Sooty Grunter, sometimes called a black bream, but not in WA


----------



## Chris.j (May 23, 2008)

Great pics there Henry.


----------



## mrmikk (May 23, 2008)

Some of the best wildlife photos !


----------



## hazzard (May 23, 2008)

Oh but wild BHP's are never large or fat, must be an escaped captive!

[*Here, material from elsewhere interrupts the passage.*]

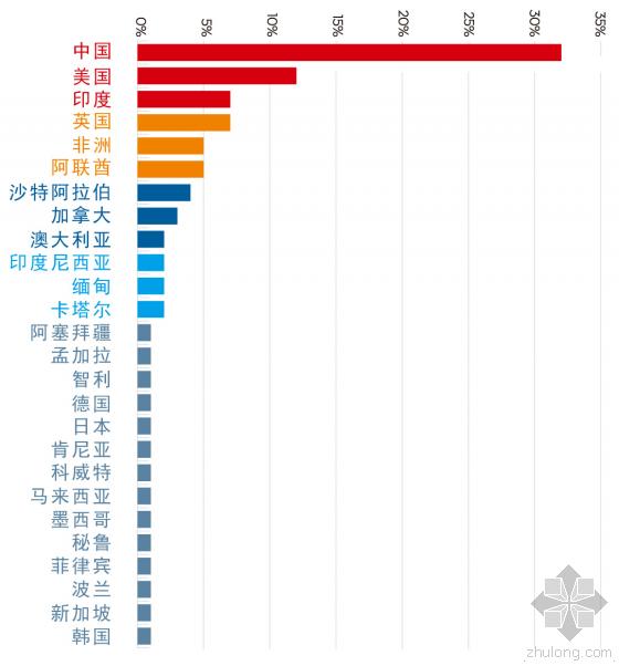 中國仍然得到了最多的“增長最快預期”(32%)(見后表),盡管這兩年隨著北京政府緊縮房地產,中國市場出現了一定程度的下滑。澳大利亞公司Woods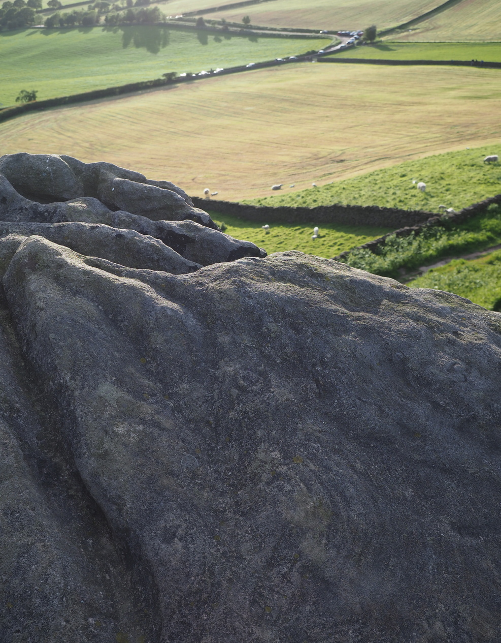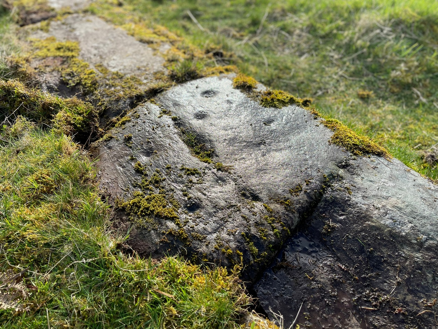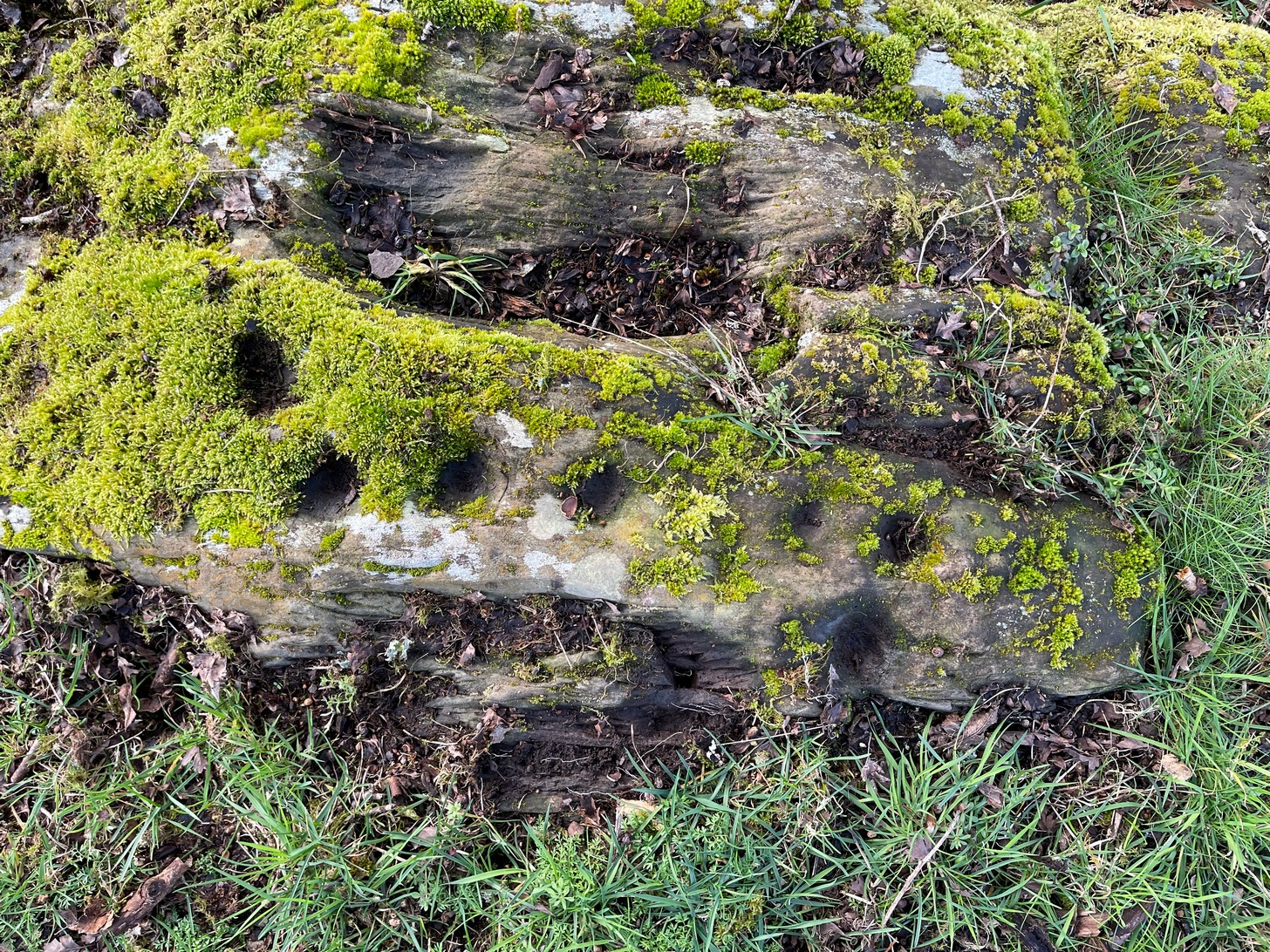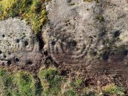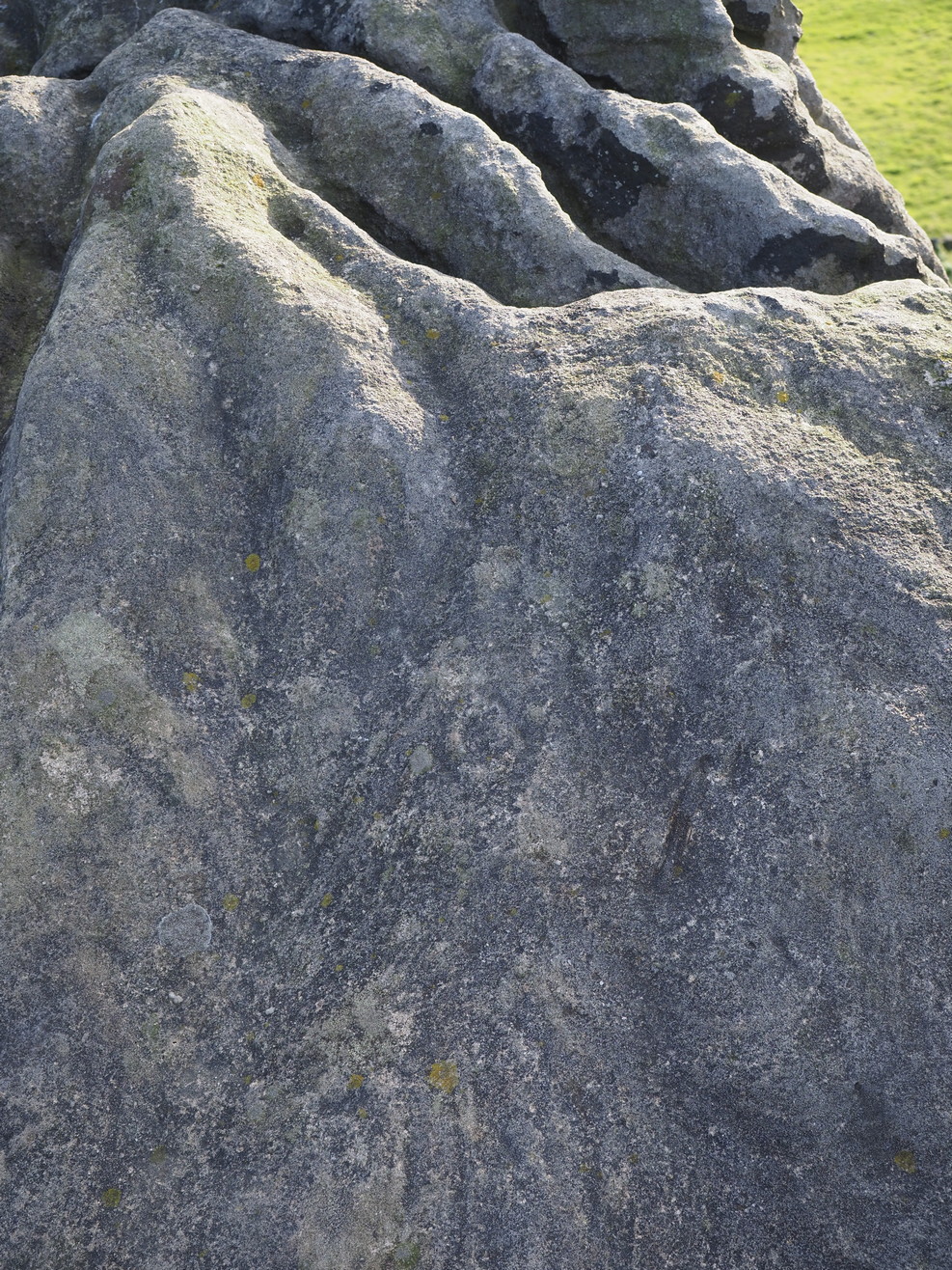 When you consider there are multiple-ringed carvings close by on the same geological ridge as this carving, there’s little wonder this fella hardly gets any attention: the design here is nothing special compared to its close neighbours. That aside: on this small flat surface we have six or seven simple cup-marks; most of them quite small, with the largest of the lot having what looks like a small carved arc around one side of it—although I couldn’t make my mind up one way or the other to be honest. A few more visits might prove more conclusive.

Marvellous photos again mate, wow the colours on that boiga, the tamron pics look good, impressed with the lens?


----------



## mattmc (May 23, 2008)

henry....doing your self proud with that new camera .....great pics but you can only get better ....looks like you had a supurb time....
Cheers mate
Matt


----------



## michelleryan (May 23, 2008)

Awsome pics. Thanks for the turtle pic!


----------



## JasonL (May 23, 2008)

Gee, with all those bird pics at the start I thought you may of been turning weird on us... too long in the bush.... but you came good at the end, great pics.


----------



## skakavacjakovac (May 23, 2008)

Wounderfull Examples!! you must have had a ball there!! jelous!!


----------



## Shannon (May 23, 2008)

Fantastic post - thanks for sharing!


----------



## Troy 1000 (May 24, 2008)

Great shots,
You obviously had a great time


----------



## smacdonald (May 24, 2008)

Nice haul. Where in the Kimberley were you?

Stewart


----------



## Nephrurus (May 24, 2008)

reptilesDownUnder said:


> Nice haul. Where in the Kimberley were you?
> 
> Stewart



In the far north west, north of Mitchell Plateau. 

-H


----------



## smacdonald (May 24, 2008)

Nephrurus said:


> Cryptoblepharus megastictus will probably be slpit into several species. They are buggars to photograph, and this was the best i got. Unfortunately it's on a log instead of the usual rock.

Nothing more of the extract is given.